Y examinó la pierna de Gary, sonriendo al decir:
—Esto no es nada, Gary. Dentro de tres días podrás andar.
—Menos mal, Jim. Temía no poder montar más a caballo.
—Ya lo creo. Además Laura estará orgullosa de ti ¡me has salvado la vida!
El rostro del muchacho enrojeció de satisfacción.
—No podía consentir que ese asesino disparase contra ti por la espalda. Y sólo he
hecho corresponderte, pues tú te expusiste para evitar que Bowdry me matase.
Jim golpeó, cariñosamente, la barbilla del muchacho. En este instante, tras ellos,
sonó la voz del sheriff que rebosaba satisfacción:
—¡Asunto concluido, muchachos!
EPILOGO

En el interior de la vieja iglesia de Los Hoyos, un hombre estaba arrodillado ante fray
Luis.
—...y eso es todo, padre.
El religioso puso una mano sobre el hombro del joven y respondió, emocionado:
—No hay nada que perdonarte, Jim. Lo único que te censuro es la absurda conducta
que has llevado. Eres inocente de la muerte de tu hermano. Gene desde el cielo verá
complacido tu actuación.
—¿Usted cree que... puedo casarme con Gladys?
—¡Qué si lo creo! —exclamó fray Luis, con entonación de júbilo—. Estaré muy
orgulloso de bendecir esa unión.
—Gracias, fray Luis.
Y Jim Carter salió de la iglesia con paso firme, tratando de dominar la emoción de que
estaba poseído. No anduvo muchos pasos cuando se le acercaron el sheriff y Gary, este
último cojeando todavía. El sheriff le dijo:
—Jim, el señor Stone desea hablar contigo.
—Sí, ahora iré a verle.
—Tiene que ser inmediatamente —respondió el sheriff autoritario.

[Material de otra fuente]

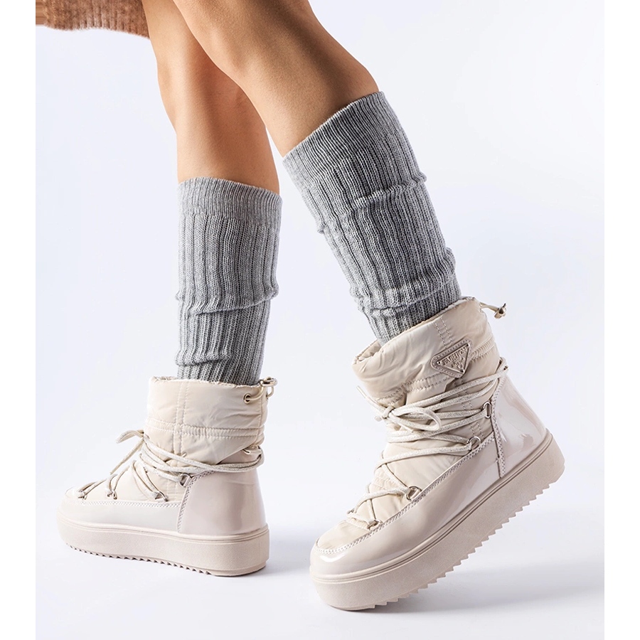Cizme de zăpadă lăcuite de bej Calogero (model Hy845-8)-stil și funcționalitate în zilele înghețate.
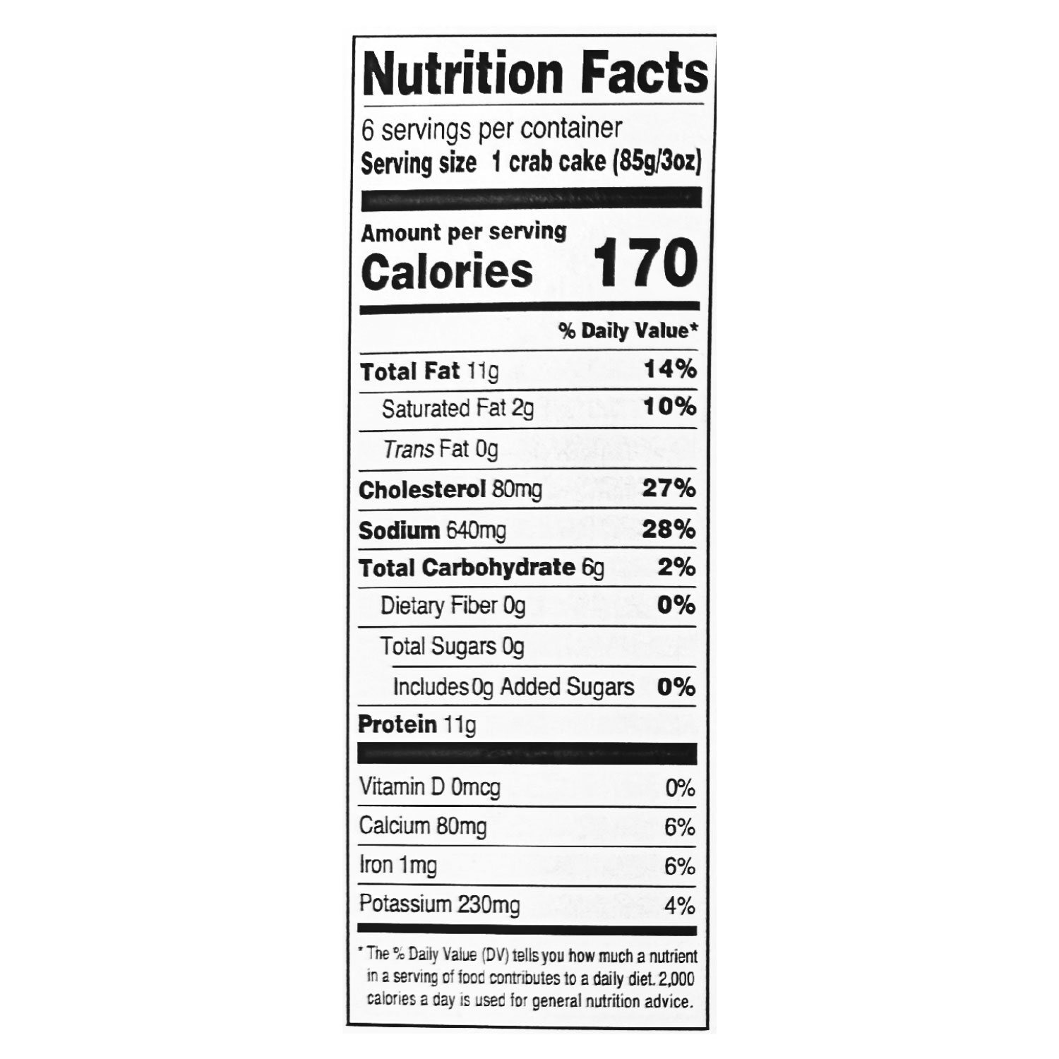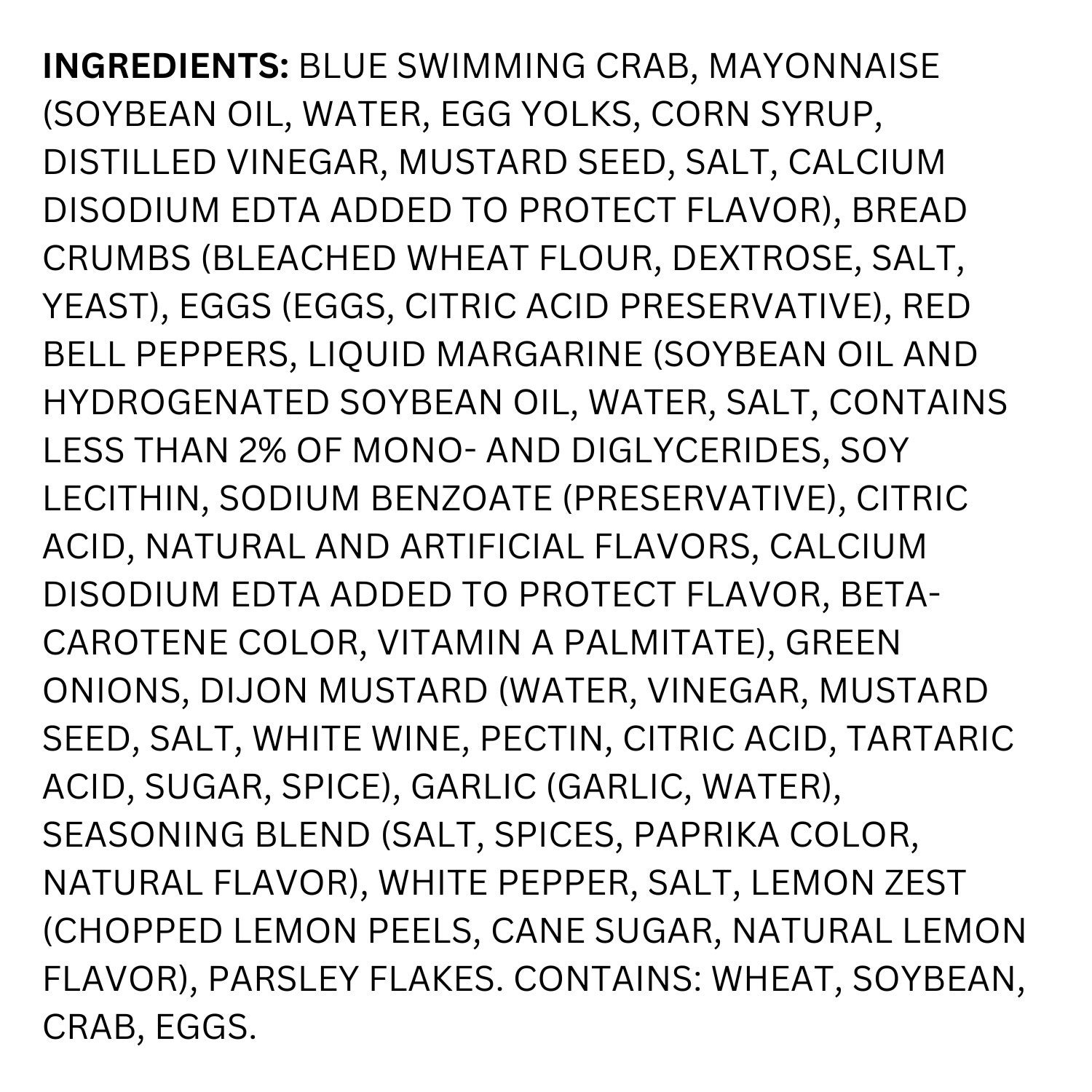 Ingredients: Blue Swimming Crab, Mayonnaise (Soybean Oil, Water, Egg Yolks, Corn Syrup, Distilled Vinegar, Mustard Seed, Salt, Calcium Disodium Edta Added To Protect Flavor), Bread Crumbs (Bleached Wheat Flour, Dextrose, Salt, Yeast), Eggs (Eggs, Citric Acid Preservative), Red Bell Peppers, Liquid Margarine (Soybean Oil And Hydrogenated Soybean Oil, Water, Salt, Contains Less Than 2% Of Mono- And Diglycerides, Soy Lecithin, Sodium Benzoate (Preservative), Citric Acid, Natural And Artificial Flavors, Calcium Disodium Edta Added To Protect Flavor, Beta-carotene Color, Vitamin A Palmitate), Green Onions, Dijon Mustard (Water, Vinegar, Mustard Seed, Salt, White Wine, Pectin, Citric Acid, Tartaric Acid, Sugar, Spice), Garlic (Garlic, Water), Seasoning Blend (Salt, Spices, Paprika Color, Natural Flavor), White Pepper, Salt, Lemon Zest (Chopped Lemon Peels, Cane Sugar, Natural Lemon Flavor), Parsley Flakes.
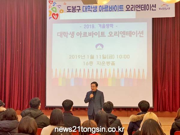 ▲ [사진=대학생 아르바이트 오리엔테이션]도봉구(구청장 이동진)가 여름방학을 맞아 공공기관의 업무 체험을 통해 사회경험을 쌓을 수 있는 ‘2019 여름방학 대학생 아르바이트’에 참여할 대학생(재·휴학생)45명을 모집한다.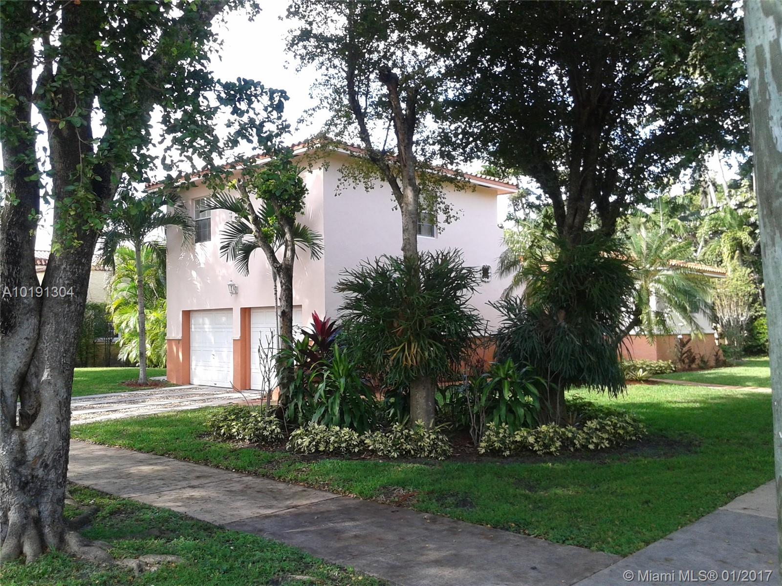 Updated two story unit 3 Beds(2 large plus den), in desirable Coral Gables!!. Mediterranean Style with a great floor plan, beautiful kitchen with brand new stainless steel appliances, water filter for all the house, bathrooms completely renewed, large bedroom in the first floor, master & den upstairs. Original wood floors and tile, 2 car garage plus 2 parking spaces. Corner unit with double lot site 9,300 sf. Amazing landscaping, with water well sprinkler system, lovely patio deck & Jacuzzi. A Must see!!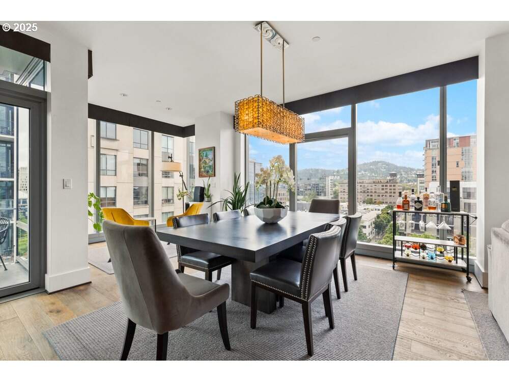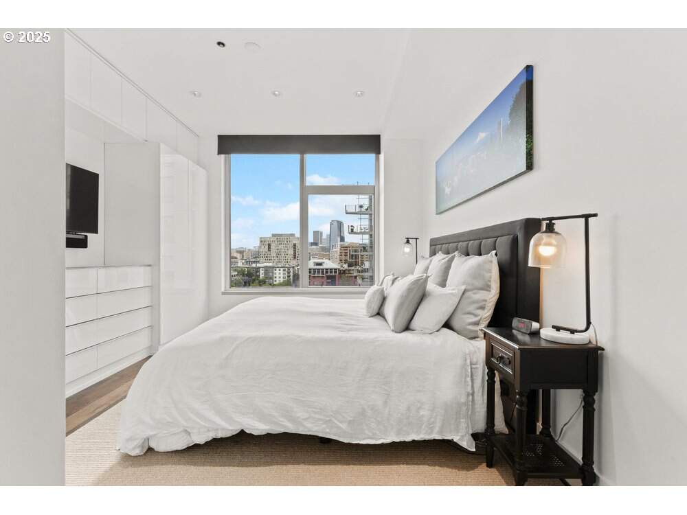 Immaculate, light-filled, and beautifully upgraded-this southwest corner residence at The Metropolitan offers luxury Pearl District living at its finest. Thoughtfully redesigned with custom enhancements throughout, this 2-bedroom, 2-bath home captures sweeping city and West Hills views through expansive walls of windows, bathing the interior in natural light.The open-concept living area features custom wood flooring and designer wall treatments, paired with integrated built-ins and a seamlessly mounted TV for a refined, cohesive aesthetic. Custom cabinetry with integrated lighting elevates both ambiance and functionality, while separate blackout shades throughout the home provide comfort and privacy at the touch of a button.The chef-inspired kitchen boasts a full suite of brand-new Viking appliances, making everyday cooking and entertaining effortless. Storage is exceptional, with California Closets throughout-including a beautifully organized primary suite wardrobe. The primary bath offers a spa-like retreat featuring a luxurious Jacuzzi tub, perfect for unwinding at the end of the day.Two secure garage parking spaces add ease and convenience to urban living.As one of the Pearl District's premier luxury buildings, The Metropolitan delivers unmatched amenities: full-time concierge service, a state-of-the-art fitness center, wine storage, conference room, library/community lounge, and guest suites for visitors.Set in the heart of the Pearl-a neighborhood celebrated for its art galleries, acclaimed restaurants, boutique shopping, parks, and effortless walkability-this residence represents a rare opportunity to experience elevated living within one of Portland's most coveted addresses.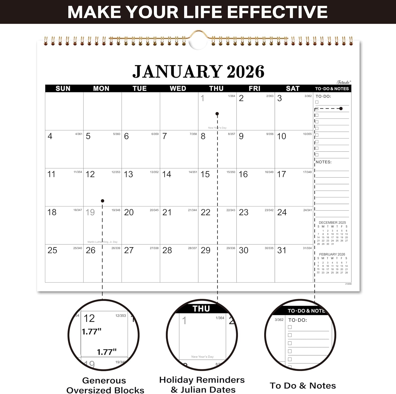 - š 2026 Calendar Monthly Page - Each page of this 18-month calendar has Large Daily Blocks (1.77'' x 1.77''), Notes Section, To-Do List for you to itemiz your monthly goals and important things. Besides, Highlighted Holidays and Julian Dates can inform you to arrange the holidays in advance and know the passed and the remaining days of the year.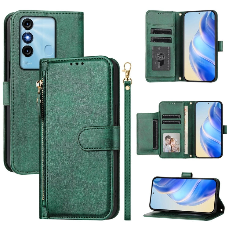 Funda de Cuero con Cremallera y Ranuras para Tarjetas para Itel P55 5G (Verde)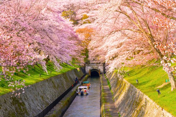 琵琶湖疏水為明治時代的重要水利工程,沿岸種植大量櫻花樹,每到春天形成長長的粉色花廊。旅客可沿著河道散步賞櫻,或搭乘遊船欣賞櫻花倒映水面的景色,結合歷史人文與自然風光,極具魅力。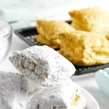 Easy 2 ingredient Air Fryer Beignets! Made with buttery puff pastry and coated with powdered sugar with no oil! Ready in 9 minutes!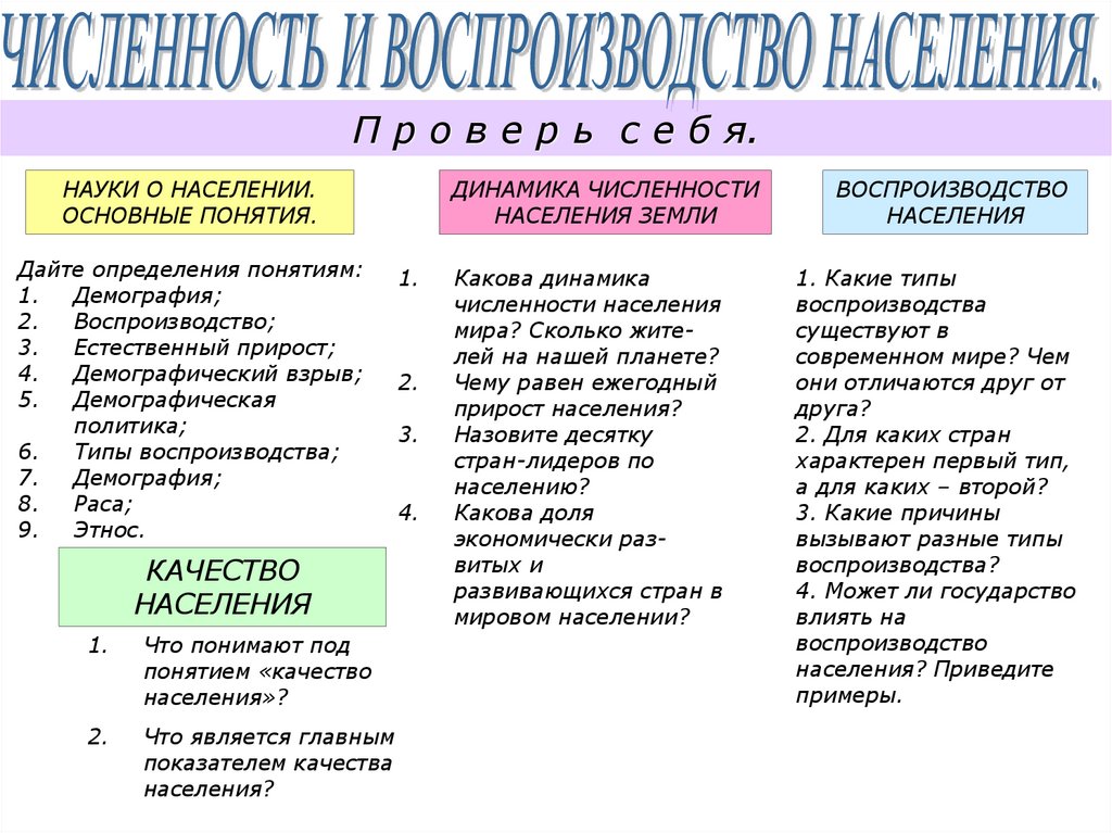 П р о в е р ь с е б я.НАУКИ О НАСЕЛЕНИИ.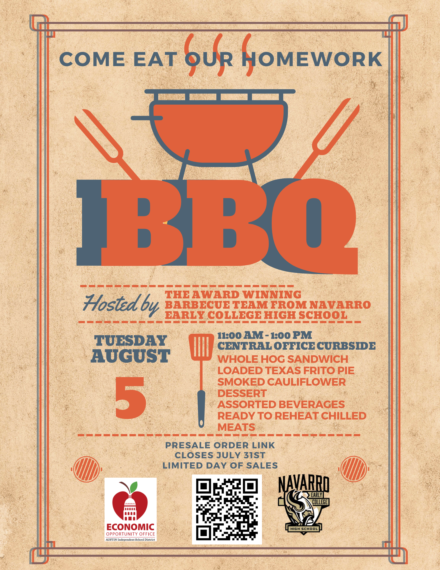 Navarro ECHS Award Winning BBQ! The BBQ Team was awarded 4th place out of 58 teams in the 2023 Texas High School BBQ Competition. This win secured a spot at the National contest in June at Kalahari Resort.

El joven le miró, sorprendido.
—Es que...
Y se contuvo al notar en su espalda el contacto de un “Colt”. Gary le estaba
encañonando.
—Ni un movimiento de resistencia, Jim —advirtió el muchacho— si no agujereo tu
sucia piel.
—Eres un traidor, Gary.
—Silencio y echa a andar.
Al entrar en la oficina del sheriff, vio a Anthony Stone sentado, cuando se dio cuenta
estaban los dos solos, pues el sheriff y Gary habían salido. El ranchero, tras haberle
hecho un gesto de saludo, dijo:
—Jim, te dije que quería hablar contigo. Parece que eludes esa entrevista.
—No, no: sólo quería estar convencido de cuál iba a ser mi conducta desde hoy en
adelante.
—¿Y ya la has decidido?
—Sí, deseo trabajar. Siempre he sido un buen vaquero y puedo demostrarlo. Gladys
cree que me ama...
—¿Sólo lo cree, Jim? —inquirió el ranchero, con adusta expresión.
—Bueno, ella dice que me quiere. Yo sí que estoy seguro de mis sentimientos y
quiero casarme con Gladys.
Stone se levantó y, abriendo la puerta que conducía al calabozo, dijo:
—Ya puedes entrar, Gladys.
La muchacha obedeció. Su rostro estaba enrojecido y sus ojos fijos en el suelo, sin
atreverse a mirar a su amado. Jim la contempló extasiado.
—Jim Carter me ha pedido tu mano, Gladys. Yo aceptaré tu decisión, aunque creo
que te conviene. Es un muchacho excelente.
—¡Oh, papá! Mi contestación ya la sabe Jim Carter.
Y se arrojó a los brazos de Jim. Sus labios se unieron.
—Esto ha sido una encerrona, Gladys —musitó Jim cuando se separaron.
—Te dije que estaba dispuesta a todo, Jim.
Stone, que había salido, dejando a los dos jóvenes solos, hizo una afirmativa señal al
sheriff y Gary y éstos sonrieron satisfechos.